How to Mirror Your Traffic with Nginx

Mirroring Requets with NGINX

With the release of Nginx 1.13, a new mirroring module became available that allows you to mirror traffic to an additional backend. A scenario where this feature would be beneficial is analytics. Rather than rearchitecting your infrastructure, you can add a few lines of configuration to Nginx.

This tutorial will guide you throw enabling the module and then mirroring traffic to a backend server.

Scenerios for Mirroring

The are several use cases for wanting to mirror your traffic.

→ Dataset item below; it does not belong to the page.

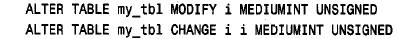 ■ 更改列類型。為了更改列的類型,可使用change 或modify 子句。假如表my _ t b l中的列為smallint unsigned 的,希望將其更改為mediumint unsigned 的列。用下面的任何一個命令都可完成此項工作:

Risk-Free Performance and Quality Assurance Testing

No amount of testing can prepare you for the onslaught of a production environment, no matter how creative you believe you are. A user will simply out-smart you in how to break an application.

Eliminate risk by mirroring requests to a backend QAT environment.

Application Monitoring

Application monitoring, for example, can eat up a lot of precious resources. Rather than waste them by installing agents on all of your production application hosts, you could dedicate a server or a cluster of servers to mirror all requests to.

Analytics

Similar to application monitoring, capturing analytics usually requires having to install agents on your production servers. Remove the burden from those servers and place them elsewhere. By mirroring all requests to your Analytics backend, you can capture the same data without affecting production servers.

File Uploads

You may have a WordPress blog powered by multiple backend hosts. Mirroring could be used to ensure all file uploads are uploaded to all hosts at the same time.

Creating a Mirror

Create a group of backend servers we’ll mirror all requests to.

upstream backend_mirrors {
     server host1.example.com
}

Modify the location you want to mirror all requests. Add the new mirror directive. If you would like to mirror the entire request body, add the new mirror_request_body directive, too.

location / {
     mirror /mirror;
     mirror_request_body on;
     root /usr/share/nginx/html;
     index index.html index.html
}

Set up a mirror that accepts internal access only. This prevents others from
being able to access /mirror directly from the Internet. The requested URI will be sent to the mirror.

location /mirror {
     internal;
     proxy_pass https://backend_mirrors;
     proxy_set_header X-SERVER-PORT $server_port;
     proxy_set_header X-SERVER-ADDR $server_addr;
     proxy_set_header HOST $http_host;
     proxy_set_header X-REAL-IP $remote_addr;
}

 

Restart Nginx to apply your changes.